3) Evolve ktap features independently with bytecode engine
    The ktap features in here includes:
    clean syntax, associative array, aggregation, event management,
    timer, resource management, kstack, ustack, ring buffer,
    tapset/library, CTF, samples, etc.

    All these tracing features should evolve independently with
    bytecode engine.
    Actually this is what ktap does now, the bytecode engine is very
    independent, but will be decouples more in future.
    This is important because we can change bytecode engine
    smoothly without broken any existing features.

Basically I think the relation between ktap and ebpf is not contention,
but complement.

So based on all these input, I suggest:

Put all these community efforts together, figure out the proper design
implementation of dynamic tracing tool, ktap can be a good start to
build upon it, evolve to a unified kernel script engine with ebpf together,
finally service for dynamic tracing and network(if possible).

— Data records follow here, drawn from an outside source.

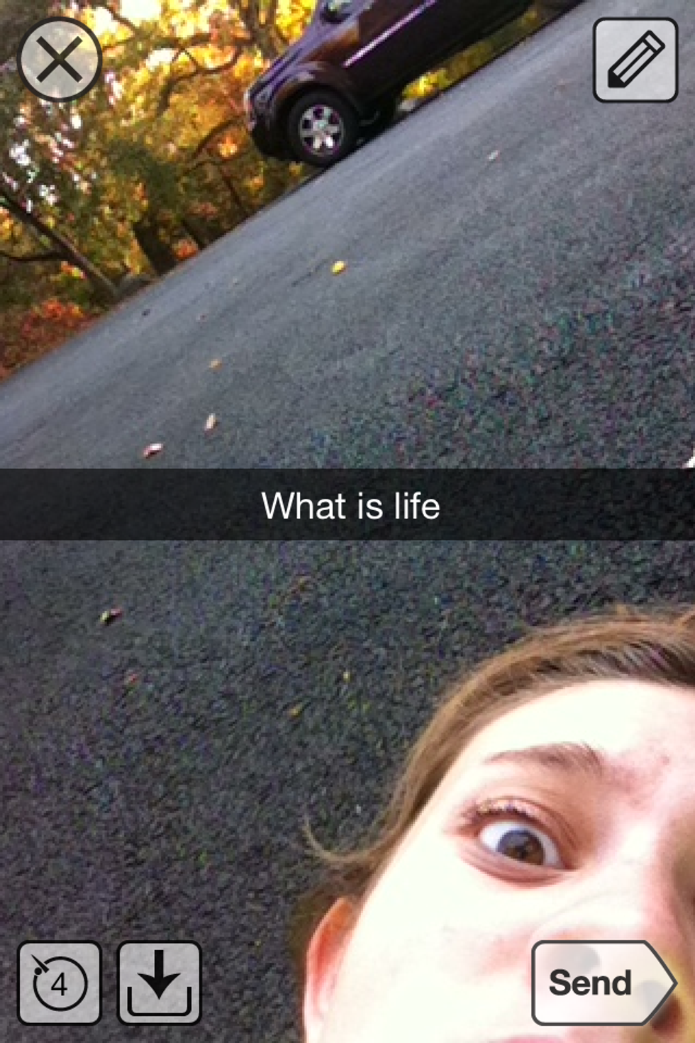 This was before I knew how to save snaps. Yes, that is a very rudimentary skill, but that's a me problem. I'm also not quite sure why I thought this one was worth saving, but remember this interface?! It looks ancient. The large SEND button from the Dark Ages. This was also a time long before the MyStory feature--where Snap was simply sending pictures.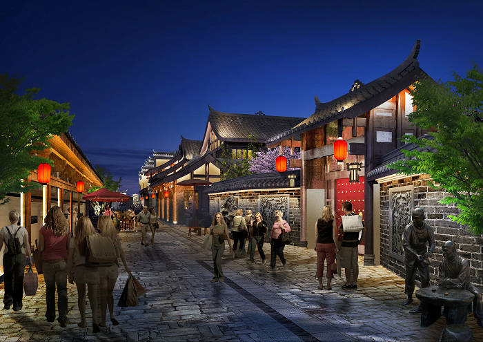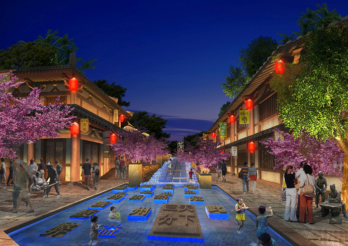 信達電通根據(jù)忠義街布局、載體特點,對整體夜景進行規(guī)劃,并對建筑、廣場、雕塑、水體、景觀、道路等載體進行具體設(shè)計,打造一場互動體驗式的三國主題度假休閑之旅。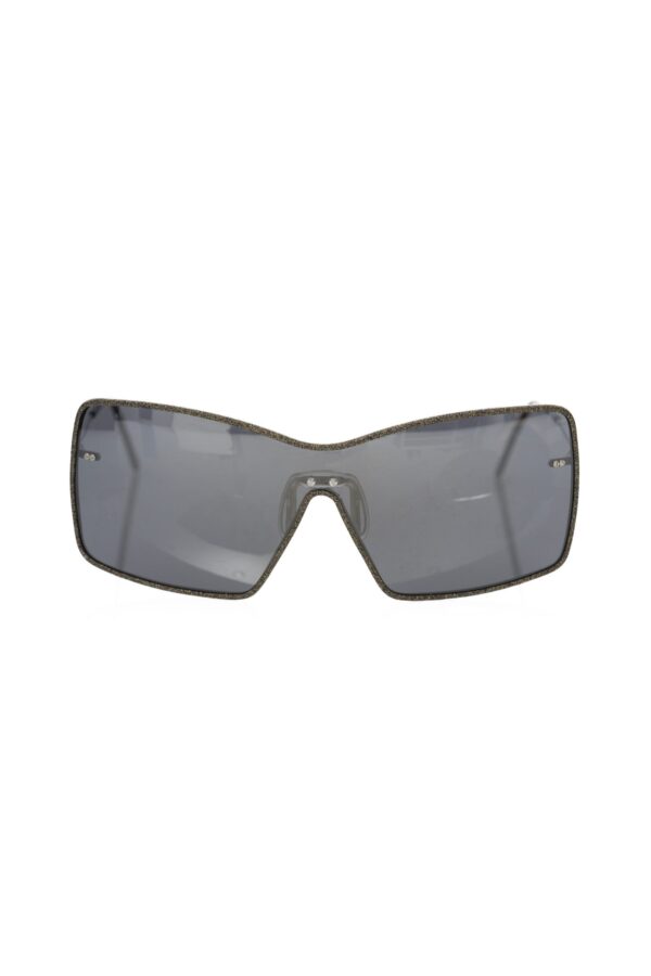 Elevate your style to iconic status with these Frankie Morello avant-garde shield sunglasses. Designed for the trendsetter, they boast a sleek thin metal profile, complemented by striking gray mirror lenses. This Italian creation merges edgy aesthetics with sublime craftsmanship, perfect for making a bold fashion statement.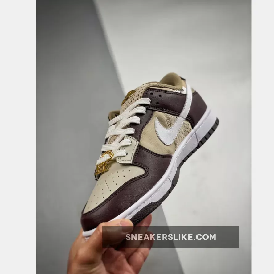 Despite everything that seems to be going on here, the “Bling” Dunk’s brown colour scheme manages to tone the pair down enough to make them extremely wearable, with a white Swoosh, white laces and white and dark brown sole unit adding a more versatile feel.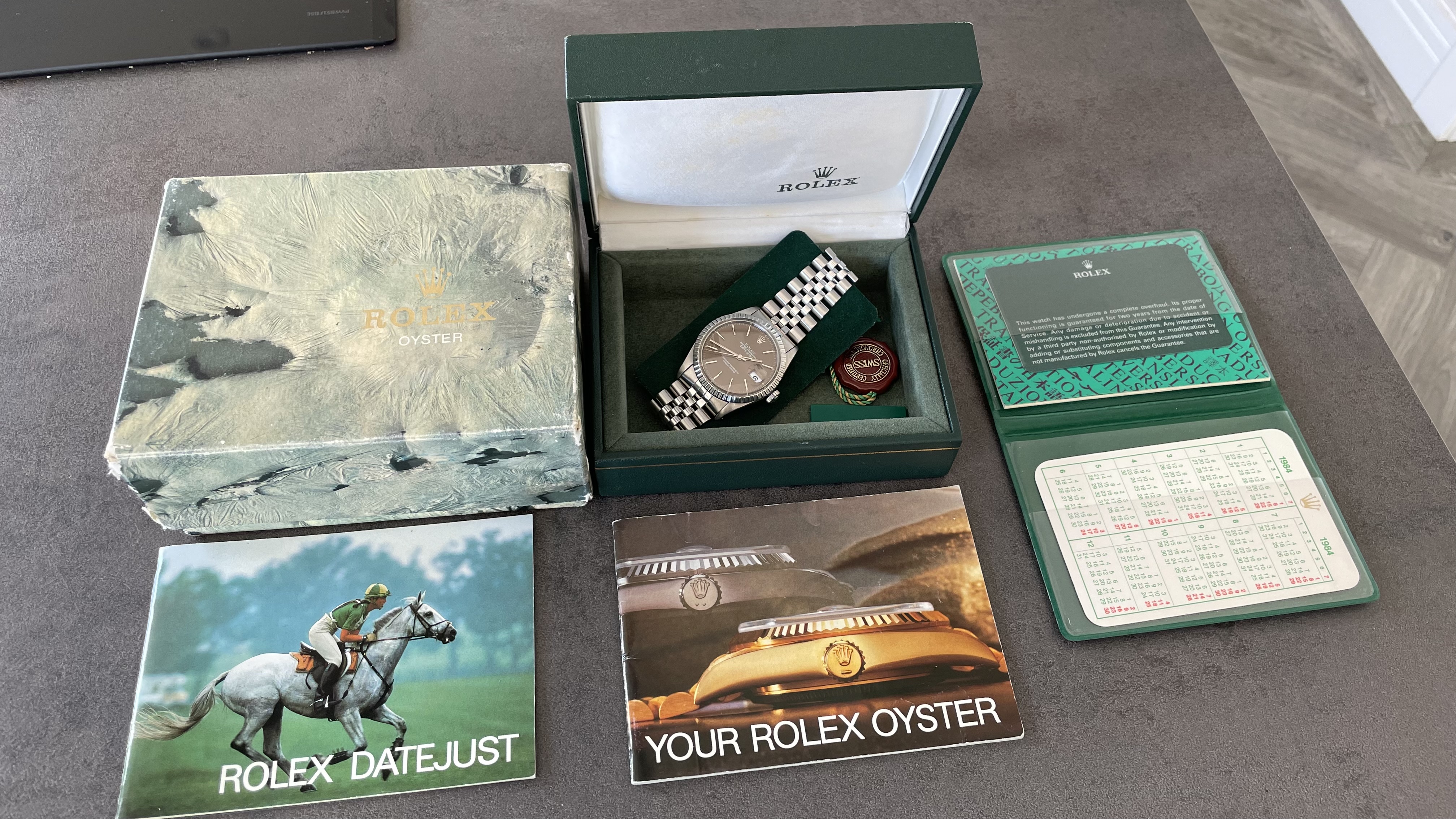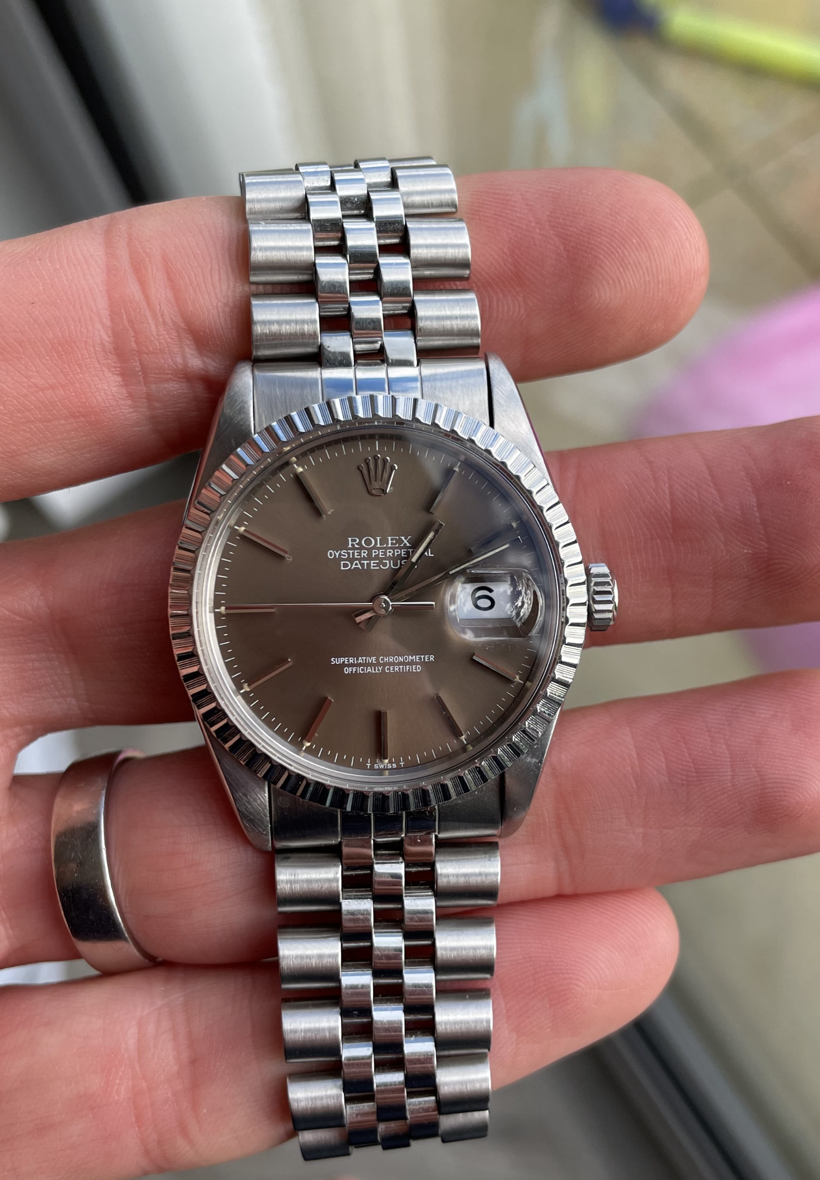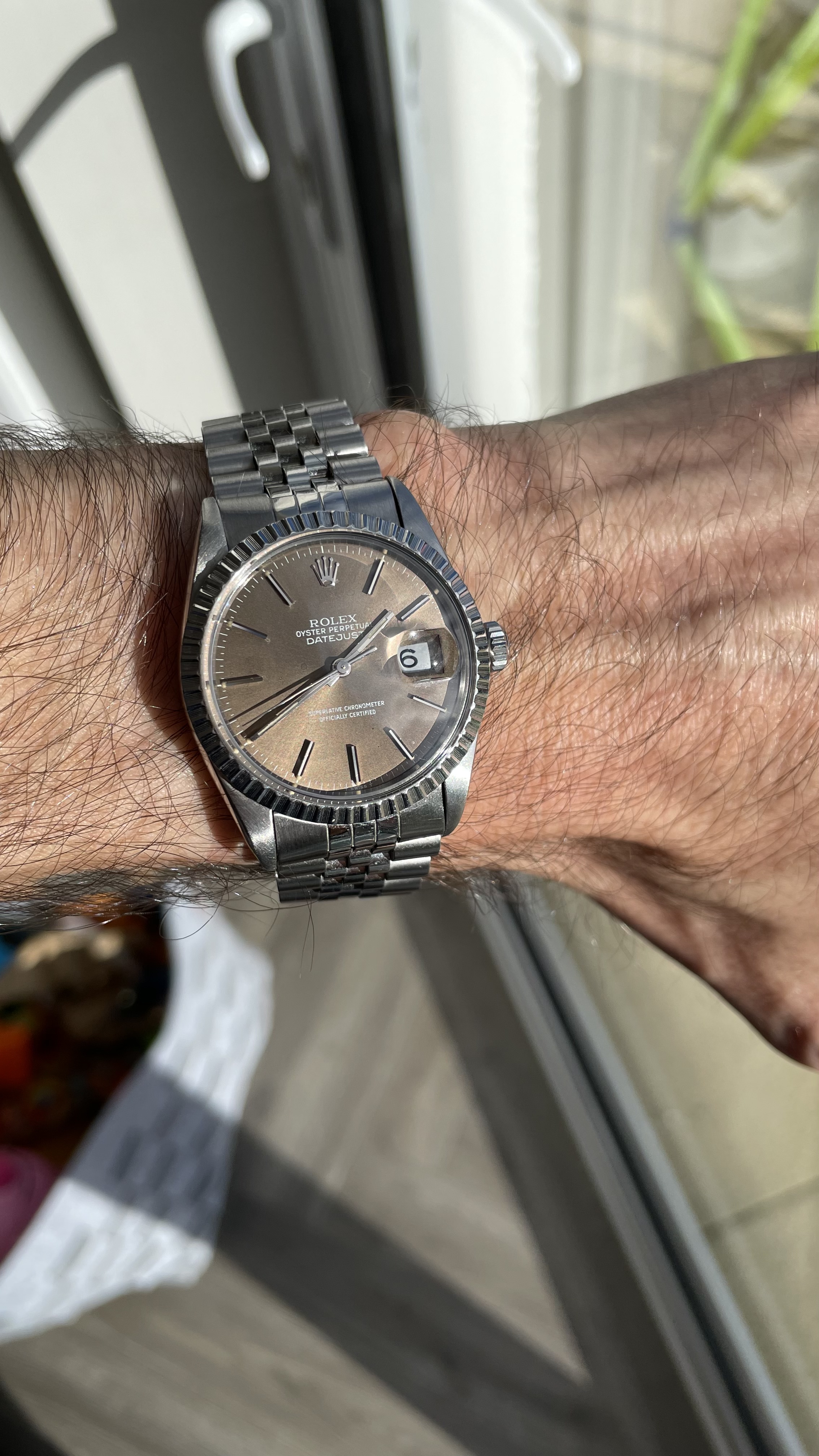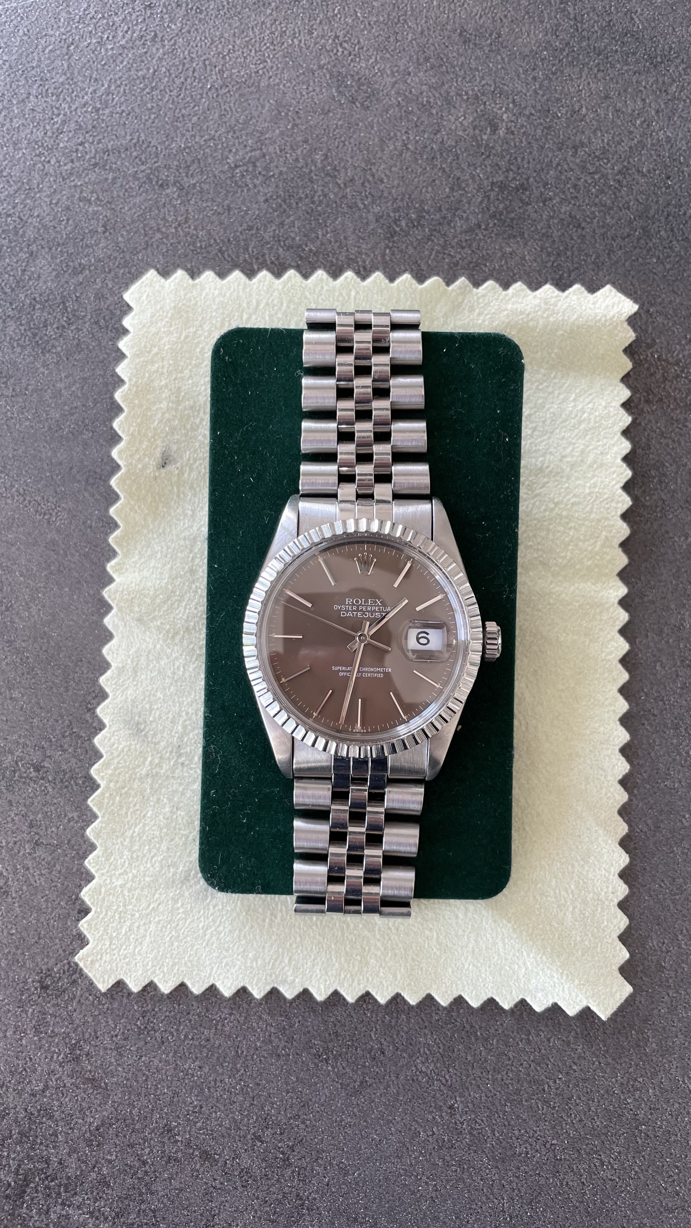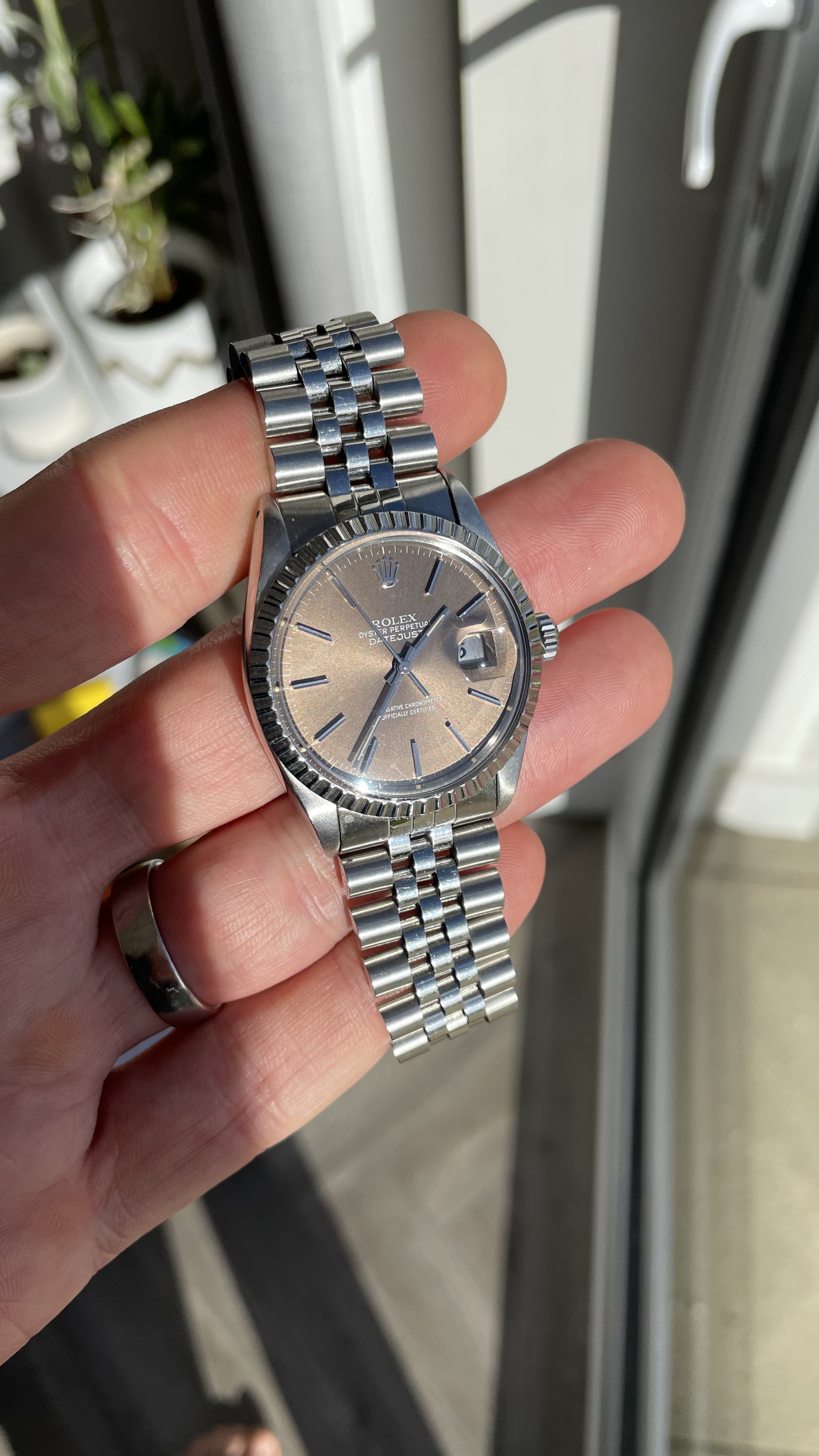 ·For sale is a lovely little 16030 Datejust with a fairly unique looking dial. I think it started life as a grey dial but is definitely more of a brown colour now. I’ve seen quite a few old DJs that have this trait, but no two seem to look the same.

Our goal is same and very clearly, we really want a "simple & flexible
& safe" dynamic scripting tracing tool for Linux, which could compare
or even better than Dtrace, this is the motivation of ktap project.

Two solution may be take:
1). upstream ktap into core trace and evolve it step by step, and finally
     make a integrated bytecode engine, it's a long process, but I think
     it's worth.

2). move ktap back into staging, and graduate from staging after the
     code make tracing people and ebpf people both happy.

The benefit is the process will be under the eyes of community.

Ingo, steven, Greg, what do you think?